*PROMPT*: Please transcribe exactly, and only, the lines of the data below between the line holding "Ранние литературные опыты" and the line holding "Hand-drawn illustrations for", inclusive.

*RECORD EXCERPTS*:
.....

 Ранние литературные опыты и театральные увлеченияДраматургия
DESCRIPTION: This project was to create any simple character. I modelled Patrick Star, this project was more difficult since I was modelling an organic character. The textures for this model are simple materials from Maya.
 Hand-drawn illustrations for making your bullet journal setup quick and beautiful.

.....

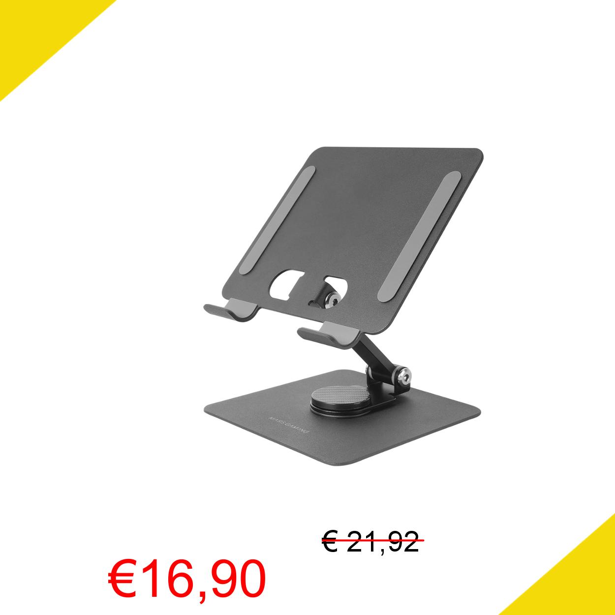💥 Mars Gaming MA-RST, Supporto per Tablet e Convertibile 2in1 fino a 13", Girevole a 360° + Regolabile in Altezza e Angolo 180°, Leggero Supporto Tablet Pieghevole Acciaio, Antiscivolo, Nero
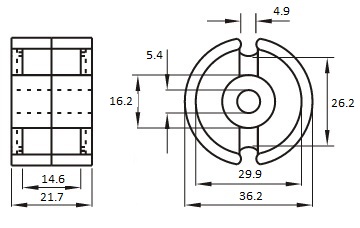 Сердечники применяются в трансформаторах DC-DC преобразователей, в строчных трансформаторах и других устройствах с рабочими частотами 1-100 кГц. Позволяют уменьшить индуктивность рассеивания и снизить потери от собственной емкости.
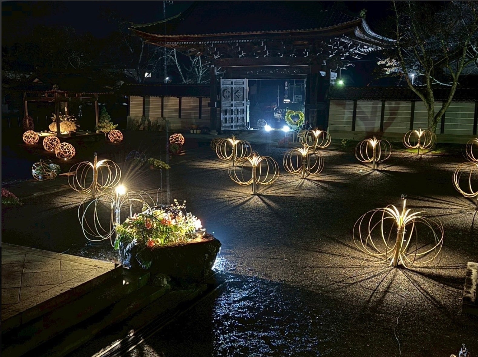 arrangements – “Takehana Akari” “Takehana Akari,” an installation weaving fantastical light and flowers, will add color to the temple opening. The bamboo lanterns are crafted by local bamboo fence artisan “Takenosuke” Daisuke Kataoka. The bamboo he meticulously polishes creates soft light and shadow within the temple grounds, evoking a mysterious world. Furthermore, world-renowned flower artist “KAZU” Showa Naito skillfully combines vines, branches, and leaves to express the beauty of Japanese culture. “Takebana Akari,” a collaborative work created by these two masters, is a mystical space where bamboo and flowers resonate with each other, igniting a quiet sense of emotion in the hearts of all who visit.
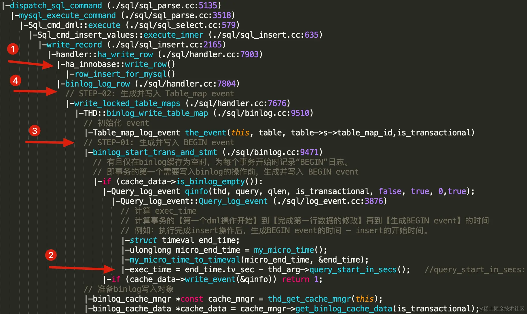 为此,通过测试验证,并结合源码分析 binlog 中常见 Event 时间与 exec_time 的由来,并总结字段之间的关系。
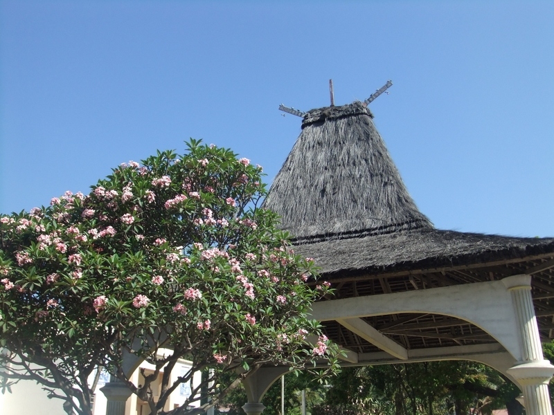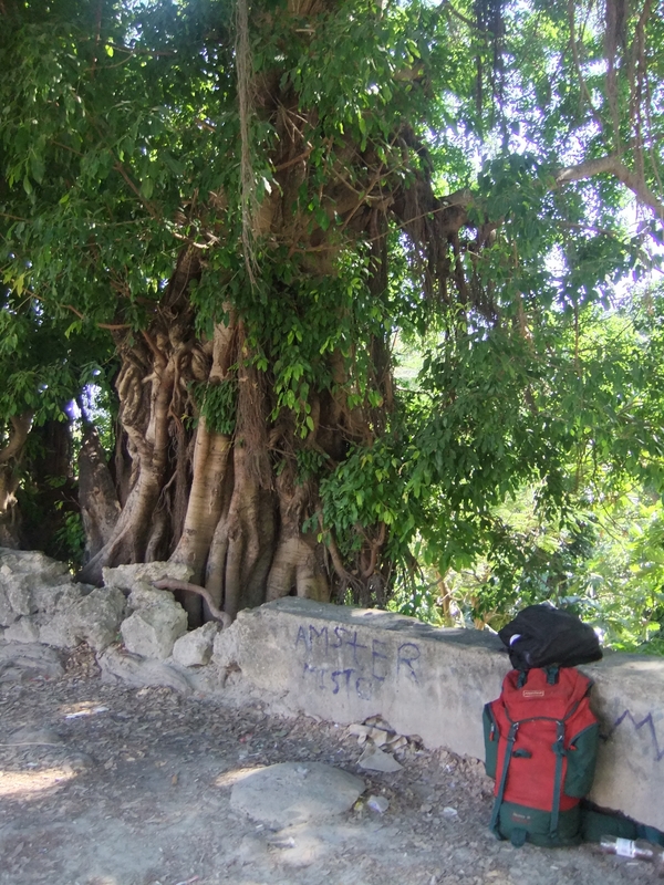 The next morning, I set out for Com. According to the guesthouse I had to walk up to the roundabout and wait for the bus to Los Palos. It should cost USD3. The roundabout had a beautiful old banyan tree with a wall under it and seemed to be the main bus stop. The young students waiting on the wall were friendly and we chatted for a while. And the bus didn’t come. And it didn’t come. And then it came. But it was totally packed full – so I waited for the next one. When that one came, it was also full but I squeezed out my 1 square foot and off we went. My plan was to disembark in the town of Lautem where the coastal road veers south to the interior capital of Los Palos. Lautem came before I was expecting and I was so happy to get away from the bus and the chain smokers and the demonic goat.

.....

*TASK OUTPUT*:
 Ранние литературные опыты и театральные увлеченияДраматургия
DESCRIPTION: This project was to create any simple character. I modelled Patrick Star, this project was more difficult since I was modelling an organic character. The textures for this model are simple materials from Maya.
 Hand-drawn illustrations for making your bullet journal setup quick and beautiful.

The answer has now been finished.